[Collected data entries]

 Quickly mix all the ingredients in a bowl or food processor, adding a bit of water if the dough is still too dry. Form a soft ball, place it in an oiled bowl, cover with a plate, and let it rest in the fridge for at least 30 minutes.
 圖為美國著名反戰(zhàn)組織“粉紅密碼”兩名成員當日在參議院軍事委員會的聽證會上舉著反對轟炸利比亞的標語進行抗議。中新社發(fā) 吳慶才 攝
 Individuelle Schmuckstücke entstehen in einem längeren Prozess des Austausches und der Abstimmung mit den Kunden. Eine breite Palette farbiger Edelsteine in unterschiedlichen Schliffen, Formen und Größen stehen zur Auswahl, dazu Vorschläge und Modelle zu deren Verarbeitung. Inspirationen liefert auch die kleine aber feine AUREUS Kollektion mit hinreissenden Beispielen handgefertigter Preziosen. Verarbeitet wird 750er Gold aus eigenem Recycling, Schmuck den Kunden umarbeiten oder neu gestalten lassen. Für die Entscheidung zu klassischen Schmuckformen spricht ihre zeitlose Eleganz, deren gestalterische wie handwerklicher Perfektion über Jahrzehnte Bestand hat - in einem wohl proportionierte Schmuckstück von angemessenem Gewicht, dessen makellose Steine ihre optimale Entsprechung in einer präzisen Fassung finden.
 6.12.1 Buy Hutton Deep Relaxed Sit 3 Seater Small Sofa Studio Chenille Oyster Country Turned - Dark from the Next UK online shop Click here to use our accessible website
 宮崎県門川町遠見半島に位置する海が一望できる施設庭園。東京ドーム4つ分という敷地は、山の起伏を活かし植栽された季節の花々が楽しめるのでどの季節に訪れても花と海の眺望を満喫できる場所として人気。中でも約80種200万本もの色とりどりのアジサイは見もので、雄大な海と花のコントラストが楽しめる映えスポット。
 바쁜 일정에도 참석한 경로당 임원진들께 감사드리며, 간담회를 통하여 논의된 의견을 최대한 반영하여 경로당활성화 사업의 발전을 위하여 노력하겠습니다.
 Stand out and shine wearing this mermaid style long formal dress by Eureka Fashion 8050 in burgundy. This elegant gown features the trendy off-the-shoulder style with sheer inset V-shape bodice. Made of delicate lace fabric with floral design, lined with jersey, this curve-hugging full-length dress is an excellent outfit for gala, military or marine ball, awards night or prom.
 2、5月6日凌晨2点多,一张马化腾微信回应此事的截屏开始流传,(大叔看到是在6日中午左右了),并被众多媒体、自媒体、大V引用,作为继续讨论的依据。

◆ Problem description:
Only lines containing the word "with" should appear in the answer, and every such line from the records above must be there.

◆ Reply to the task:
 Quickly mix all the ingredients in a bowl or food processor, adding a bit of water if the dough is still too dry. Form a soft ball, place it in an oiled bowl, cover with a plate, and let it rest in the fridge for at least 30 minutes.
 Stand out and shine wearing this mermaid style long formal dress by Eureka Fashion 8050 in burgundy. This elegant gown features the trendy off-the-shoulder style with sheer inset V-shape bodice. Made of delicate lace fabric with floral design, lined with jersey, this curve-hugging full-length dress is an excellent outfit for gala, military or marine ball, awards night or prom.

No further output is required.